#### Task inputs:
-- Opening Marker --

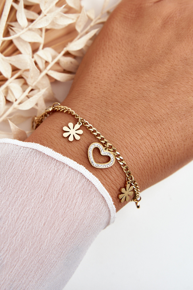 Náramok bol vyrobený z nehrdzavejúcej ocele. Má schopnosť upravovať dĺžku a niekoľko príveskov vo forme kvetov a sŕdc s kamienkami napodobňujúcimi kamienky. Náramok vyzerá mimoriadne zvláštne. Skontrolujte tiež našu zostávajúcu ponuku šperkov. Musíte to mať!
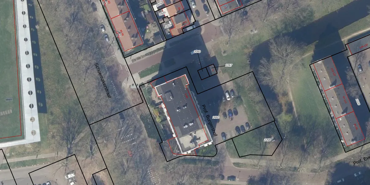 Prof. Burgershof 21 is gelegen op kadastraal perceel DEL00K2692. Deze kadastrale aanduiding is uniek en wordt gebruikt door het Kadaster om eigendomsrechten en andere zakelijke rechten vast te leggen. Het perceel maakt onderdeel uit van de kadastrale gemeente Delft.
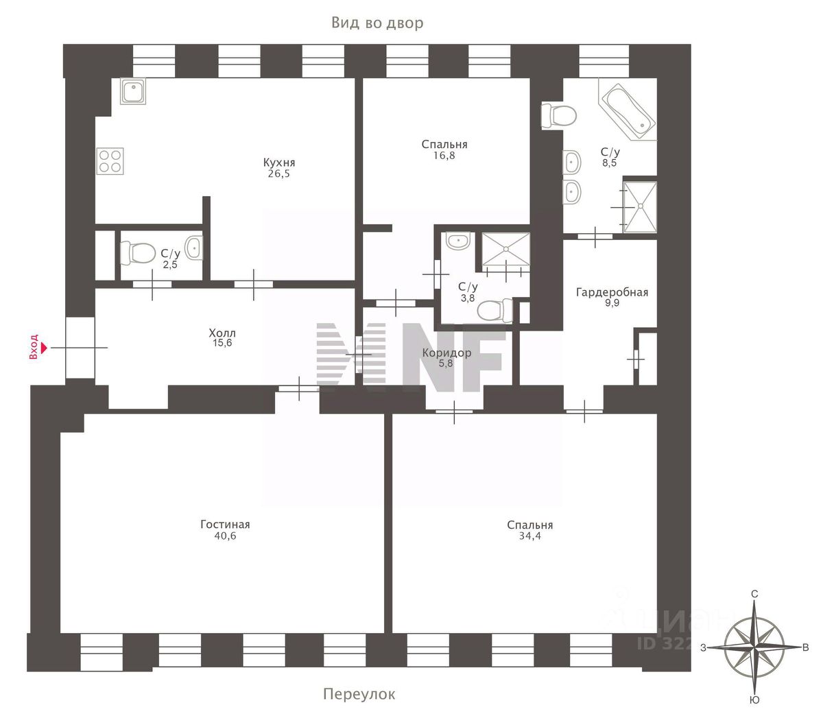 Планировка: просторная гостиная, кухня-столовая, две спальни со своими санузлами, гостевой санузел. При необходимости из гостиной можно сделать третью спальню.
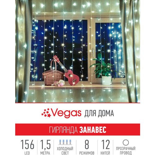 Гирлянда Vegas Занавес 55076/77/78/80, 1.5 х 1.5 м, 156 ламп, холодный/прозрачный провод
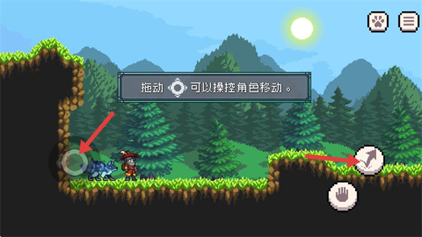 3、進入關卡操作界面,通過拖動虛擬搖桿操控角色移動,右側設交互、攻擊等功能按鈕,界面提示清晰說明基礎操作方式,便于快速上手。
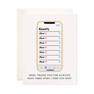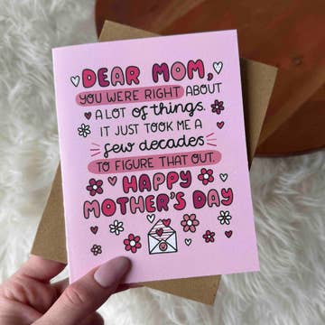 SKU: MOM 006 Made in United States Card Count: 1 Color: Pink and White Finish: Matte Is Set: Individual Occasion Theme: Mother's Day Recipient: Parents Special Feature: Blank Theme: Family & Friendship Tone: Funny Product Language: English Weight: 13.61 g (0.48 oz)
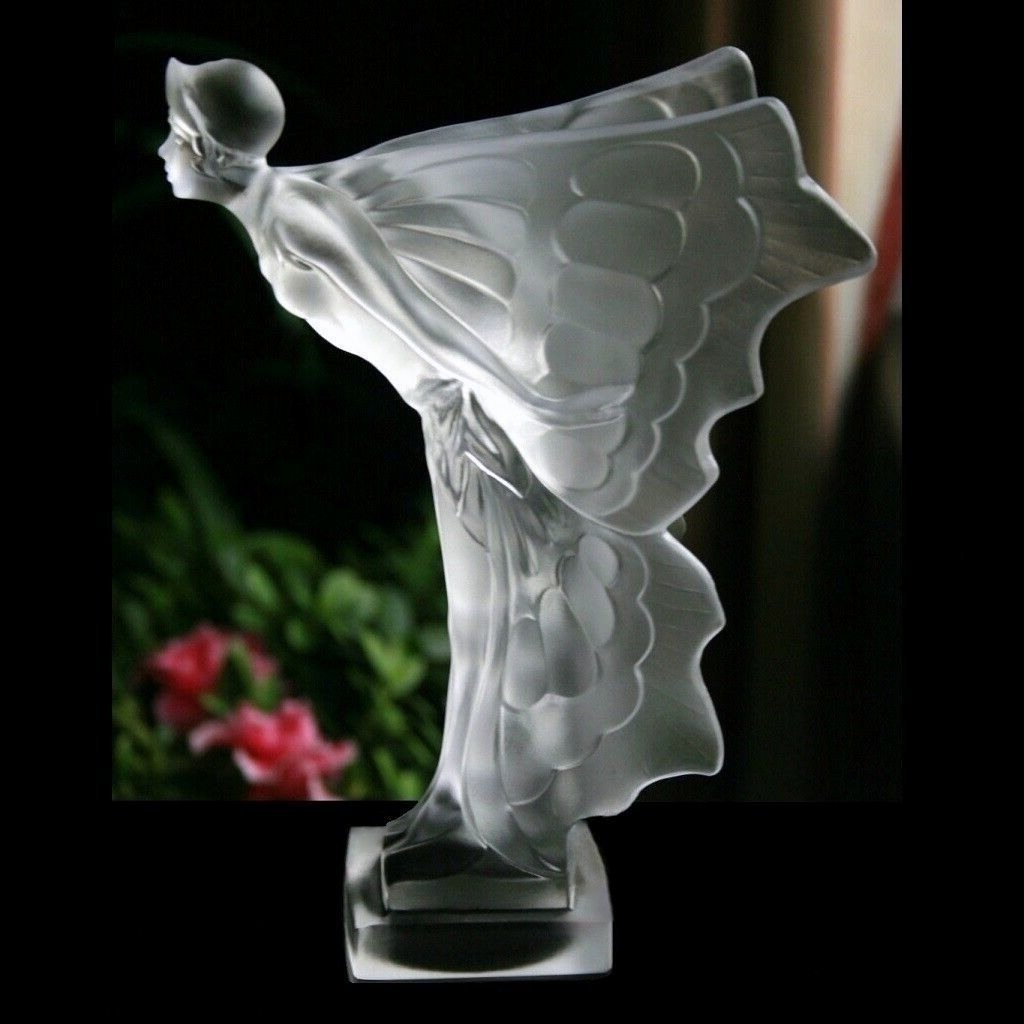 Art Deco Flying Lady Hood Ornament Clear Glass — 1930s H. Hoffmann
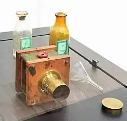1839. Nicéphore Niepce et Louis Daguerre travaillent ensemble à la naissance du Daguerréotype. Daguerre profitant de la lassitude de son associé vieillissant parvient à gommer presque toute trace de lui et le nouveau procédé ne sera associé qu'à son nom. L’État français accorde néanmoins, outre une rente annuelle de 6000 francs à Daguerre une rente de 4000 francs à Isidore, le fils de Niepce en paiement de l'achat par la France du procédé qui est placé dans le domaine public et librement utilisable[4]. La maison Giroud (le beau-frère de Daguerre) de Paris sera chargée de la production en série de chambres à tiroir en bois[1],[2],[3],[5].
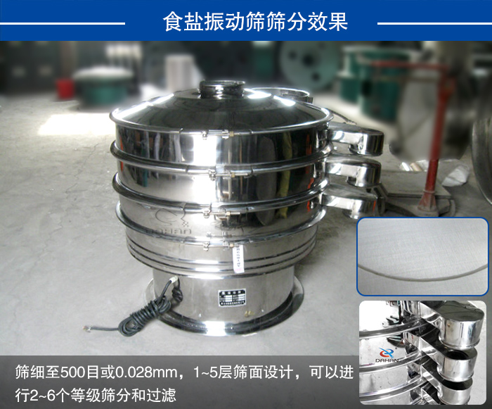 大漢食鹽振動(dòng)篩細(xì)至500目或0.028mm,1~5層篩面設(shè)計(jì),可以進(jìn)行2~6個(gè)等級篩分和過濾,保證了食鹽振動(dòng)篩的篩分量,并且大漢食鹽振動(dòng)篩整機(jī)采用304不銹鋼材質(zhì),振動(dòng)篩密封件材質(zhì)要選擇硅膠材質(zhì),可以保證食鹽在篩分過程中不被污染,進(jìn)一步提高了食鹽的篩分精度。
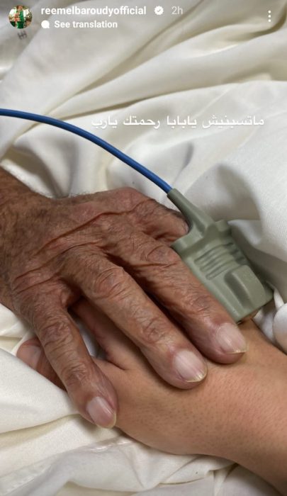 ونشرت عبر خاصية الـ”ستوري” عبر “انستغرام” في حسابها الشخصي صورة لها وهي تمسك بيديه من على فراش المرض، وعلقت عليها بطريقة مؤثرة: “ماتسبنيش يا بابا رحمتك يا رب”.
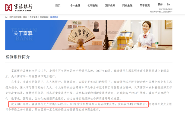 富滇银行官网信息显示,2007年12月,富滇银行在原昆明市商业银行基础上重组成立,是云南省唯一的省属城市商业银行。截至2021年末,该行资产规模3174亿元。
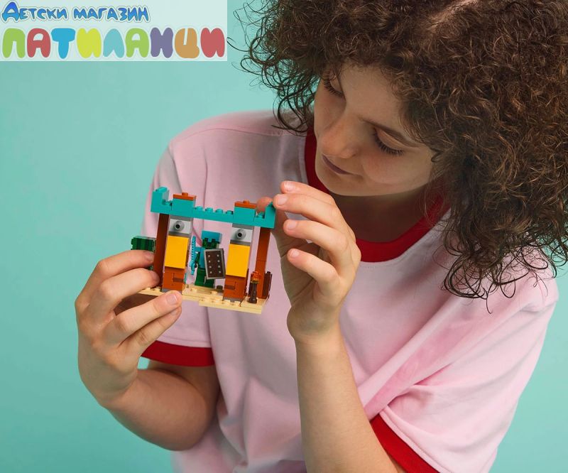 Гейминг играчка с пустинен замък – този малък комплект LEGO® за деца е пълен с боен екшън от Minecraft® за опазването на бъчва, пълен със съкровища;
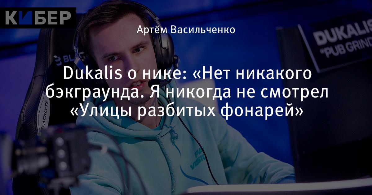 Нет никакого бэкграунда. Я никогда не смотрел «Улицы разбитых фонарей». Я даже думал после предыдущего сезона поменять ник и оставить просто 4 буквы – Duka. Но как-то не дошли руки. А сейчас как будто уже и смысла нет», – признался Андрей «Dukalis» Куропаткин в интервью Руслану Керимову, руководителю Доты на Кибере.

-- Closing Marker --

#### What to do:
Would you copy out the material above exactly, without the pictures in it?

#### Response to the exercise:
 Náramok bol vyrobený z nehrdzavejúcej ocele. Má schopnosť upravovať dĺžku a niekoľko príveskov vo forme kvetov a sŕdc s kamienkami napodobňujúcimi kamienky. Náramok vyzerá mimoriadne zvláštne. Skontrolujte tiež našu zostávajúcu ponuku šperkov. Musíte to mať!
 Prof. Burgershof 21 is gelegen op kadastraal perceel DEL00K2692. Deze kadastrale aanduiding is uniek en wordt gebruikt door het Kadaster om eigendomsrechten en andere zakelijke rechten vast te leggen. Het perceel maakt onderdeel uit van de kadastrale gemeente Delft.
 Планировка: просторная гостиная, кухня-столовая, две спальни со своими санузлами, гостевой санузел. При необходимости из гостиной можно сделать третью спальню.
 Гирлянда Vegas Занавес 55076/77/78/80, 1.5 х 1.5 м, 156 ламп, холодный/прозрачный провод
 3、進入關卡操作界面,通過拖動虛擬搖桿操控角色移動,右側設交互、攻擊等功能按鈕,界面提示清晰說明基礎操作方式,便于快速上手。
 SKU: MOM 006 Made in United States Card Count: 1 Color: Pink and White Finish: Matte Is Set: Individual Occasion Theme: Mother's Day Recipient: Parents Special Feature: Blank Theme: Family & Friendship Tone: Funny Product Language: English Weight: 13.61 g (0.48 oz)
 Art Deco Flying Lady Hood Ornament Clear Glass — 1930s H. Hoffmann
1839. Nicéphore Niepce et Louis Daguerre travaillent ensemble à la naissance du Daguerréotype. Daguerre profitant de la lassitude de son associé vieillissant parvient à gommer presque toute trace de lui et le nouveau procédé ne sera associé qu'à son nom. L’État français accorde néanmoins, outre une rente annuelle de 6000 francs à Daguerre une rente de 4000 francs à Isidore, le fils de Niepce en paiement de l'achat par la France du procédé qui est placé dans le domaine public et librement utilisable[4]. La maison Giroud (le beau-frère de Daguerre) de Paris sera chargée de la production en série de chambres à tiroir en bois[1],[2],[3],[5].
 大漢食鹽振動(dòng)篩細(xì)至500目或0.028mm,1~5層篩面設(shè)計(jì),可以進(jìn)行2~6個(gè)等級篩分和過濾,保證了食鹽振動(dòng)篩的篩分量,并且大漢食鹽振動(dòng)篩整機(jī)采用304不銹鋼材質(zhì),振動(dòng)篩密封件材質(zhì)要選擇硅膠材質(zhì),可以保證食鹽在篩分過程中不被污染,進(jìn)一步提高了食鹽的篩分精度。
 ونشرت عبر خاصية الـ”ستوري” عبر “انستغرام” في حسابها الشخصي صورة لها وهي تمسك بيديه من على فراش المرض، وعلقت عليها بطريقة مؤثرة: “ماتسبنيش يا بابا رحمتك يا رب”.
 富滇银行官网信息显示,2007年12月,富滇银行在原昆明市商业银行基础上重组成立,是云南省唯一的省属城市商业银行。截至2021年末,该行资产规模3174亿元。
 Гейминг играчка с пустинен замък – този малък комплект LEGO® за деца е пълен с боен екшън от Minecraft® за опазването на бъчва, пълен със съкровища;
 Нет никакого бэкграунда. Я никогда не смотрел «Улицы разбитых фонарей». Я даже думал после предыдущего сезона поменять ник и оставить просто 4 буквы – Duka. Но как-то не дошли руки. А сейчас как будто уже и смысла нет», – признался Андрей «Dukalis» Куропаткин в интервью Руслану Керимову, руководителю Доты на Кибере.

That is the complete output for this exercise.